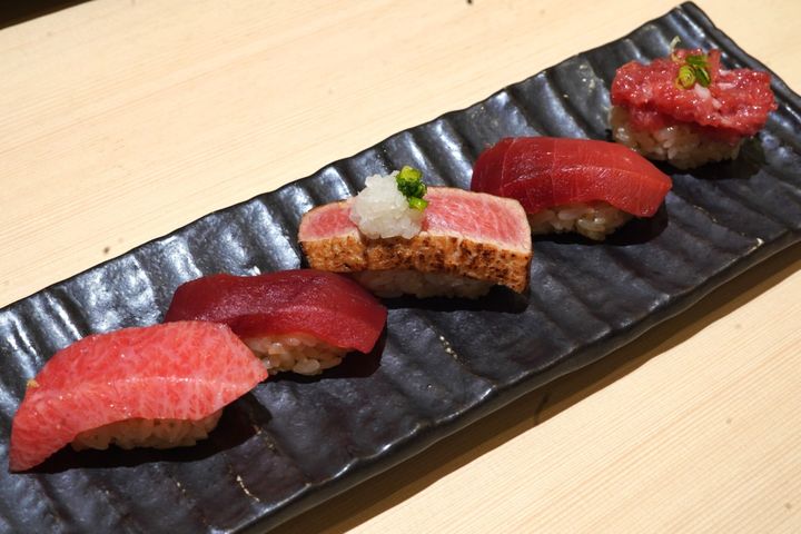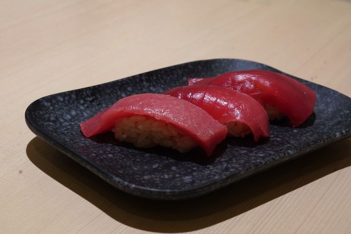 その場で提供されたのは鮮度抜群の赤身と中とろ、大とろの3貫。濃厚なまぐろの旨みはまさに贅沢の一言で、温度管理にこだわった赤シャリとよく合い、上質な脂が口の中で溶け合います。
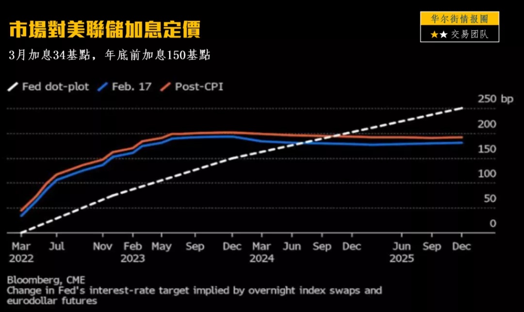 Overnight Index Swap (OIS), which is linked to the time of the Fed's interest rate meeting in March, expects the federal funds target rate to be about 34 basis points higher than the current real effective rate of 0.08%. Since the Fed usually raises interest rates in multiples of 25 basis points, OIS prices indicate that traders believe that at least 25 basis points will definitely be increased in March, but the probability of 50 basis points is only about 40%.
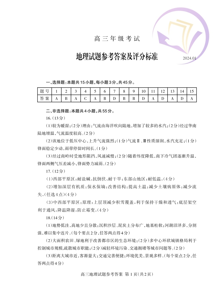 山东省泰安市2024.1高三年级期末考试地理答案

▸ **Task details**: Once the pictures are set aside, give the rest of the listing again exactly.

▸ **Response box**:
 その場で提供されたのは鮮度抜群の赤身と中とろ、大とろの3貫。濃厚なまぐろの旨みはまさに贅沢の一言で、温度管理にこだわった赤シャリとよく合い、上質な脂が口の中で溶け合います。
 Overnight Index Swap (OIS), which is linked to the time of the Fed's interest rate meeting in March, expects the federal funds target rate to be about 34 basis points higher than the current real effective rate of 0.08%. Since the Fed usually raises interest rates in multiples of 25 basis points, OIS prices indicate that traders believe that at least 25 basis points will definitely be increased in March, but the probability of 50 basis points is only about 40%.
 山东省泰安市2024.1高三年级期末考试地理答案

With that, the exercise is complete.